Resting-State Temporal Synchronization Networks Emerge from Connectivity Topology and Heterogeneity
Fig 3
Community structure of spatiotemporal synchronization patterns.
a) The temporal evolution of the synchronization matrix is represented in a n×n×T tensor T. The tensor can be factorized as a sum of K rank-one tensors, each one being an outer product of three vectors, ak, bk, ck, of dimension equal to n, n, and T, respectively (Equation 8). The network communities are contained in the vectors ak, the elements of which give the participation weight of each node (i.e., brain region) in the community k. The temporal activation sk(t) of each community k is related to ck and to the participation weights as: sk(t) = ck(t)Σjak(j). b) Detected community patterns (ak. akT) for the example session #1. c) Top: temporal activation strength of each community, for the scanning session #1 (same colors as in (b)).

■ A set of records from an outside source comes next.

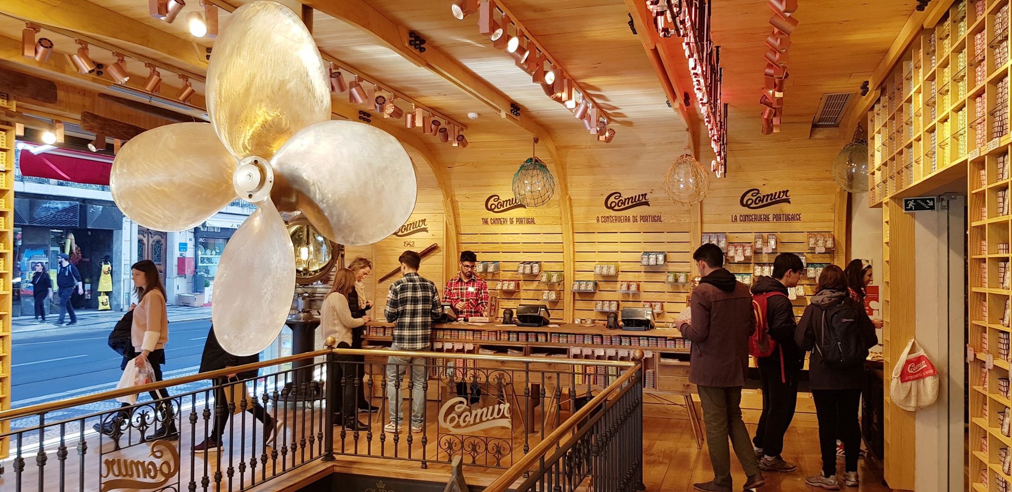 Um espaço que convida a entrar e a observar com atenção, com expositores inusitados e trabalhados para realçar as latas de sardinha.
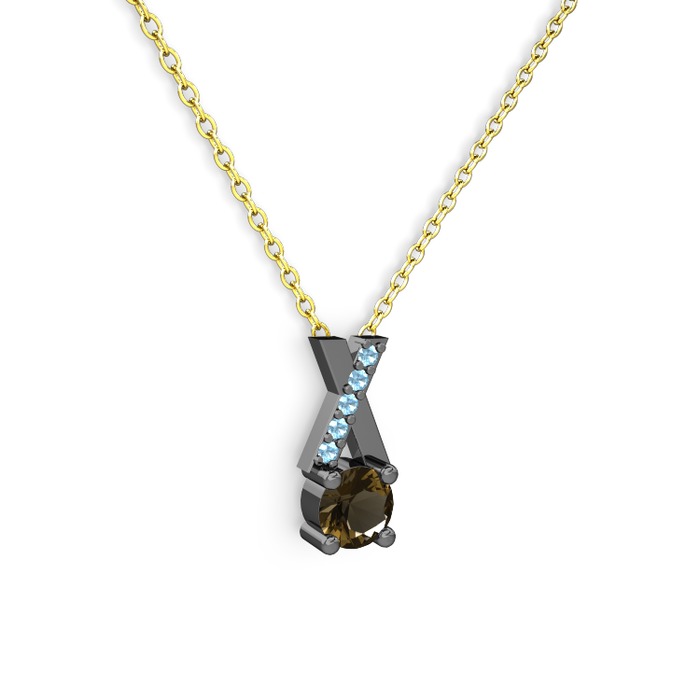 Dumanlı kuvars ve akuamarin 925 ayar siyah rodyum kaplama gümüş kolye (40 cm gümüş rolo zincir)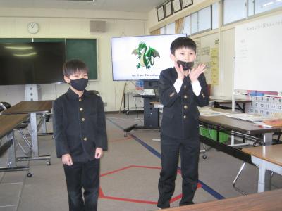 動物がかくれんぼする物語で、「Are you a monkey?」のように尋ね、「Yes,I am.」とやり取りを発表してくれました。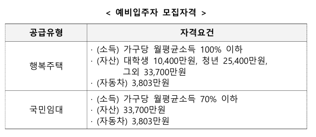 LH, 올해 첫 행복주택 예비입주자 모집, 자격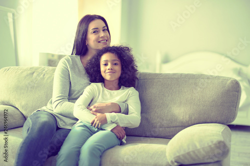 mother, motherhood, adult, caucasian, daughter, mixed race, children, childhood, family, love, support, oneness, happy, upbringing, adoption, foster, custody, care, culture, race, diversity, tolerance, hug, equality, home, house, apartment, couch, sofa, biracial, woman, girl, loft, brown, joy, cheerful, bed, bedchamber, brown hair, afro, children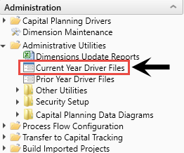 To configure this year's drivers, click Administrative Utilities, and then double-click Current Year Driver Files.
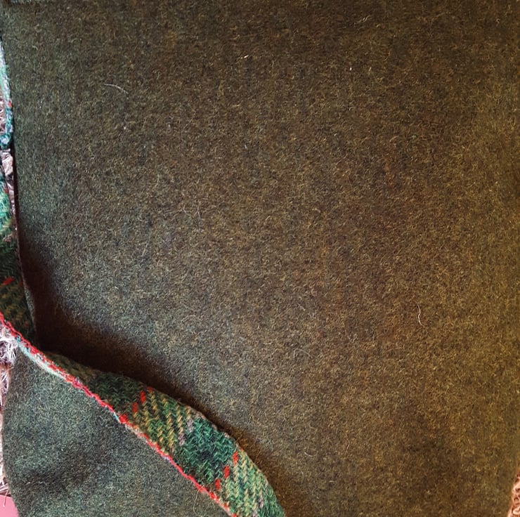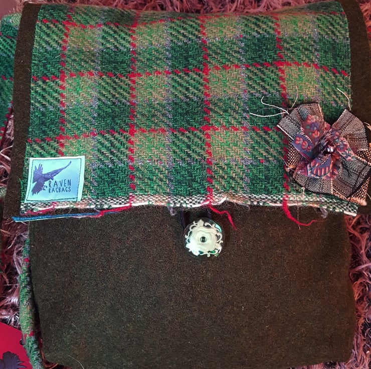 This is a real Highland beauty, handmade from a gorgeous green and red tartan and teamed with a beautiful muted green wool fabric, this bag is a real stunner. The bag measures 29 cm wide by 30 cm deep and has a comfortable tartan shoulder strap measuring 130 cm. The bag fastens with a striking green button and loop and is fully lined with a green and gold fabric and has a triple inside pocket for your phone, pens and bits and pieces. The front flap is adorned with an unusual fabric flower and bead brooch. A very stylish and exclusive bag.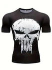 Superhero Punisher Sport T Shirt Workout 3D Compression Quick Dry

Bottom: temporal evolution of both the order parameter R(t) (left y-axis) and the total activation strength [S(t) = Σksk(t)] (right y-axis), for session #1. d-e) same as (b-c) but for session #7. f) Correlation matrix between all detected communities from all scanning sessions (top), re-arranged according to cluster membership. Bottom: corresponding dendrogram based on correlation coefficients.